This part of site is an attempt to organize and add to the web resources for the Rover SD1
to form a cohesive and easily usable guide for those of us without easy access to
expert repair and/or advice. It is not offered in any way as a definitive source
and we take no responsibility for any errors that may exist.
Webmaster: Rene Winters
HIF 44e Carburettors|
On this section of our website we will start with the HIF 44.
Here you see the parts of the HIF 44e
1. HIF44E Carburettor
2. Fuel Cut-off Solenoids
3. Stepper motor
4. Vacuum switch
6. Ignition coil
7. sensor air temperature
8. High engine temperature lamp
9. Engine temperature sensor
10. Throttle Switch
11. Engine temperature sensor
Automatic Enrichment Device|
We will start with the automatic enrichment device. It is a rotary valve, '1', which receives
fuel from the carburettor's fuel reservoir '2' and air via a vacuum unit '3'.
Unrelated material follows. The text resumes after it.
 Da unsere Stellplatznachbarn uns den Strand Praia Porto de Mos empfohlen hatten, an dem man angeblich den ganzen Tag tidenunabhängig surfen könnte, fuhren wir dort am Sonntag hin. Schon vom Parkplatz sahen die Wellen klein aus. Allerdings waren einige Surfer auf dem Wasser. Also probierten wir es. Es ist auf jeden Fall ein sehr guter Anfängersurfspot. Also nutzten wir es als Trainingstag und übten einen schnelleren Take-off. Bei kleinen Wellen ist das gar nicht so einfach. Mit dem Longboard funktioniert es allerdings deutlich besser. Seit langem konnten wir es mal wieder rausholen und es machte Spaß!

The rotary valve is turned by the stepper motor '4'. The stepper motor receives its information
to turn from the ECU.
In this diagram, the rotary valve contains a sleeve '1' and a spindle '2', the spindle being
turned by the stepper motor. Fuel enters the valve from below and air from above. The emulsified
mixture passes through hole 'A' in the sleeve and 'B' in the spindle to the centre of the spindle and
from there into the venturi.
To control the amount of air/fuel mixture entering, a V shaped groove is cut into the periphery of
Turning movement of the stepper motor will vary the position of the V groove relative to the hole 'A' in
the sleeve, and thus meter the amount of air and fuel entering the carburettor.
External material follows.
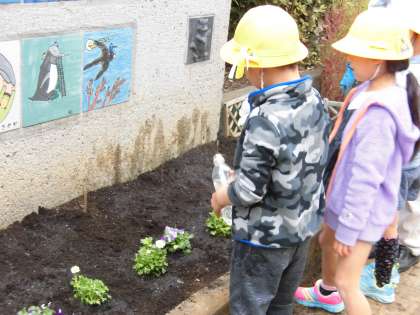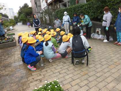 1年生が、『楽働クラブ』のみなさんに教えていただきながら緑道に花を植えました。チューリップやスイセンなどの球根やパンジーやノースポールなどの苗を植え、水もしっかりかけました。これから緑道を通るときに、自分が植えた花を見るのが楽しみです。

This vacuum valve is a further refinement to ensure correct engine performance under varying load
conditions during warm up.
It is connected to the air intake side of the rotary valve, and receives vacuum from the inlet manifold.
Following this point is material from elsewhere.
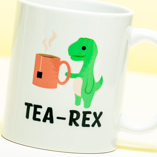 - Met de afbeelding van een T-rex en de tekst Tea-Rex

When manifold depression is high, such as at idle, vacuum will lift the diaphragm off its seat
against spring pressure. Thus air can enter the rotary valve through channels 'X' and 'Y'.
A reduced vacuum during acceleration-will allow the spring to seat the diaphragm. Channel 'X' will be
sealed, and a much reduced volume of air will enter through channel 'Y'. This gives the richer fuel
mixture necessary for correct engine performance during low manifold depression conditions.
You will now understand the effect that faults on the vacuum valve may have to poor carburettor
performance during warm up. For example, if the pipe to the rotary valve is loose or split, excessive
air will enter the valve to give a weak mixture. This will probably be noticed as hesitation on
acceleration during the warm up period.
Another device new to the HIF 44e is this throttle jack. It is fitted to enable a slower idle speed
to be used to improve fuel economy.
It is moved out by this cam farrowed) which is driven by the stepper motor. So it operates in concert
with the rotary enrichment valve.
As the cam pushes the throttle jack out, it moves the linkage to the carburettor butterfly and
increases the idle speed. In fact for the first 40° of spindle rotation, only the throttle jack is
actuated; thereafter the porting in the rotary valve becomes progressively larger and additional
fuel/air mixture passes to the carburettor.
As we have said before, the stepper motor is controlled by the ECU. So if the engine speed drops
below its correct idle speed, the ECU will tell the stepper motor to turn. This will cause the cam to
push out the throttle jack and correct the idle speed automatically.
Fuel Cut-off Valve|
Now the fuel cut-off valve. It is fitted to reduce the amount of fuel able to be drawn out of the
carburettor during overrun and so improve fuel consumption. Let us see how it works.
In this diagram, air at atmospheric pressure enters the float chamber at the left through a fixed air
bleed. The solenoid operated fuel cut-off valve, fitted in a separate passage way on the right also
allows air to enter.
Under acceleration and cruise conditions the valve is in the position you see here. Atmospheric
pressure above the fuel in the float chamber allows the fuel to be drawn out of the jet and into the
When the solenoid operates on overrun, the valve opens a passage to the venturi. Air is drawn from
the float chamber and fuel flow is reduced.
The cut-off valve is told when to operate by the ECU. It receives a signal from a switch at the
throttle pedal to say that the driver's foot is off. it also receives engine speed information to
ensure it does not work below 1300 rpm.
Incidentally it does not work continuously during overrun. It opens and closes at 1/2 second intervals
for a period of 9 seconds to make sure there is sufficient fuel available to avoid stalling, or
hesitation when the driver accelerates again.